The Kansas City Federal Reserve Bank said that manufacturing activity declined for the fifth straight month in July, albeit at a slower pace than in either May or June. The composite index of general business conditions increased from -13 in May to -9 in June to -7 in July. Overall, manufacturers continue to report contracting levels of activity, with reduced crude oil prices, the strong dollar and weaknesses abroad pressuring the sector’s performance. Indeed, various measures of activity were negative across-the-board, even with some of them showing a slower rate of decline for the month. This included new orders (down from -3 to -6), production (up from -21 to -5), shipments (up from -15 to -2) and exports (down from -5 to -10). Exports have now declined for seven consecutive months.
The job market was also weaker, with the indices for employment (down from -9 to -19) and the average workweek (down from -13 to -18) both shifting further into negative territory.
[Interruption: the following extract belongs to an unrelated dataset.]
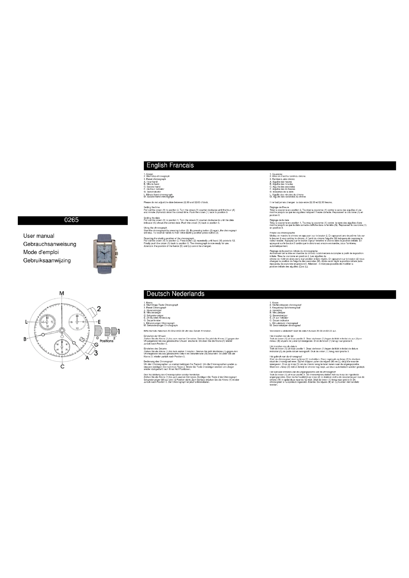 A. Aiguille des heures B. Aiguille des minutes C. Aiguille des secondes E. Aiguille des 24 heures G. Indication de la date L. Aiguille des minutes du chrono M. Aiguille des secondes du chrono Il ne faut jamais changer la date entre 22.00 et 02.00 heures. Réglage de l'heure Tirez la couronne en position 2. Tournez la couronne (1) contre le sens des aiguilles d'une montre jusqu'à ce que les aiguilles indiquent l'heure correcte. Repoussez la couronne (1) en position 0. Réglage de la date Tirez la couronne en position 1. Tournez la couronne (1) contre le sens des aiguilles d'une montre jusqu'à ce que la date correcte s'affiche dans la fenêtre (G). Repoussez la couronne (1) en position 0. Emploi du chronographe Mettez en marche le chrono en appuyant sur le bouton 2. En appuyant une deuxième fois sur le bouton 2 vous arrêtez le chrono. A l'arrêt du chrono l'aiguille (M) indiquera de nouveau la valeur exacte. Appuyez sur le bouton 3 pour remettre le chrono dans la position initiale. En appuyant sur le bouton 3 tandis que le chrono est encore en marche, vous l'arrêterez automatiquement. Réglage de la position initiale du chronographe Au moment de la mise en marche du chrono il commencera à compter à partir de la position initiale. Tirez la couronne en position 2. Les aiguilles du chrono se mettront alors dans leur position initiale réglée. En appuyant sur le bouton (2) vous changez la position de l'aiguille des secondes (M). Après avoir réglé la position initiale juste repoussez la couronne en position 0. Attention : il n'est pas possible de modifier la position initiale des aiguilles (E) et (L).

Slightly more than one-quarter of respondents cited declining employment levels in July, with just 11 percent noting increases.
With that said, Chad Wilkerson, a vice president and economist at the Kansas City Fed, added that “firms expect a modest pickup in activity in the coming months.” Along those lines, the index for expected new orders rose from 9 to 13, its highest level in three months. There are also ever-so-modest gains anticipated over the next six months for production (down from 11 to 5), shipments (down from 10 to 6), employment (up from zero to 3), capital expenditures (down from 13 to 1) and exports (up from zero to 2).
As such, while growth in the sector is predicted to expand moving forward, that pace is seen as being far from robust, with some of those outlook measures easing for the month. Still, one could make the case that activity has stabilized for a few of these measures. For example, while two-thirds of those completing the survey predict no change in exports over the next six months, there is a small net positive expecting increases – a possibly encouraging development from just two months ago when those expectations were strongly negative.
Chad Moutray is the chief economist, National Association of Manufacturers.